Retirement investing has usually been in the form of a 401(k) for many employees, but there are options like Roth IRA investment programs that have been beneficial for certain men and women who are looking to diversify their retirement savings account in the hopes of extending their security during their retirement years. Obviously, some men and women may not have begun saving for retirement or have only been focusing funds on one particular of retirement savings option, which can be problematic for investors who may, essentially, put all their eggs into one basket.
Some investors saw a great deal of loss in their 401(k) during the recession and economic downturn, and this can obviously be incredibly problematic for someone who may have had the entirety of their savings in one particular form of investment. While Roth IRAs and other forms of retirement investment accounts are not guaranteed against loss or trouble, some financial advisors feel that consumers may stand a better chance at finding more security when they diversify their retirement savings, but again, there are those who feel one particular route may be better for an investor than another.
As an example, an article on CNNMoney.com stated that, when it comes to investing in Roth IRAs, some individuals are not as consistent with these contributions as they are with, again, a 401(k) account, and this could obviously lead to potentially less retirement savings.
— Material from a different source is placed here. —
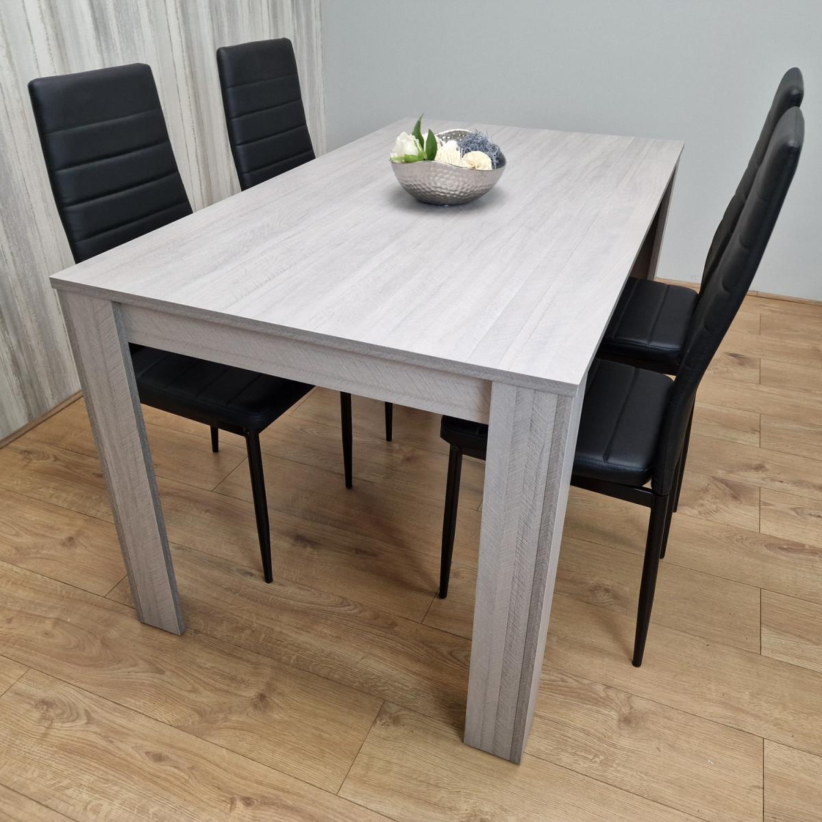 Enhance your dining area with our stylish Dining Set. Crafted from high-quality MDF in grey, this set effortlessly combines aesthetics and practicality. The dining table features a sleek grey tabletop with Arrow effect, making it a versatile addition to your dining space. Whether it's a family meal or a casual get-together, this table provides a solid foundation for your dining needs. Included in the set are four matching Black Chairs upholstered in faux leather for a touch of sophistication and easy cleaning. The chairs rest on sturdy metal legs with great strength and durability with adjustable foot protection, ensuring stability on various floor surfaces. This practical feature ensures that your dining experience is comfortable and wobble-free, the chairs seats and back rest are extra padded cushioned for extra comfort when you sit on. This dining set is conveniently shipped in a flat-pack format, allowing for straightforward assembly upon arrival. Easy-to-follow instructions ensure a hassle-free setup, so you can start enjoying your new dining set in no time. Our service offers fast and free delivery, along with a one-year warranty that covers the replacement of any faulty or broken parts during your use of the table.

Yet, the article goes on to say that it can make sense for some investors to divide up contributions between a 401(k) and a Roth IRA, or other retirement investment options, until they have maxed out their contribution limits.
Understandably, many new investors are drawn to Roth IRAs due to the fact that they can have benefits later in life as investors are able to withdraw earnings from this particular retirement plan tax-free, but there is an annual contribution limit to Roth accounts that investors must also factor into their decision as to whether they should diversify or not. While 401(k)s do allow for a higher amount of contribution, they will require that an investor meet certain payments when withdrawing their earnings, which again is contrary to a Roth IRA.
However, certain tax-deferred retirement investment options may be more beneficial for consumers at the present time rather than a Roth IRA which will not allow a consumer to write off contributions they have made, but again, offer the option of withdrawing these funds tax-free. Essentially, consumers who are looking for retirement investing accounts that may be beyond a traditional 401(k), could benefit when they diversify their retirement savings portfolio, however, looking at a consumer’s current tax bracket, projected tax bracket when they begin withdrawing these funds, and any fees or added costs that may be associated with alternative retirement accounts like Roth IRAs or annuities must all factor into an investor’s decision when it comes to either diversifying their retirement plan and what other investment options they should choose.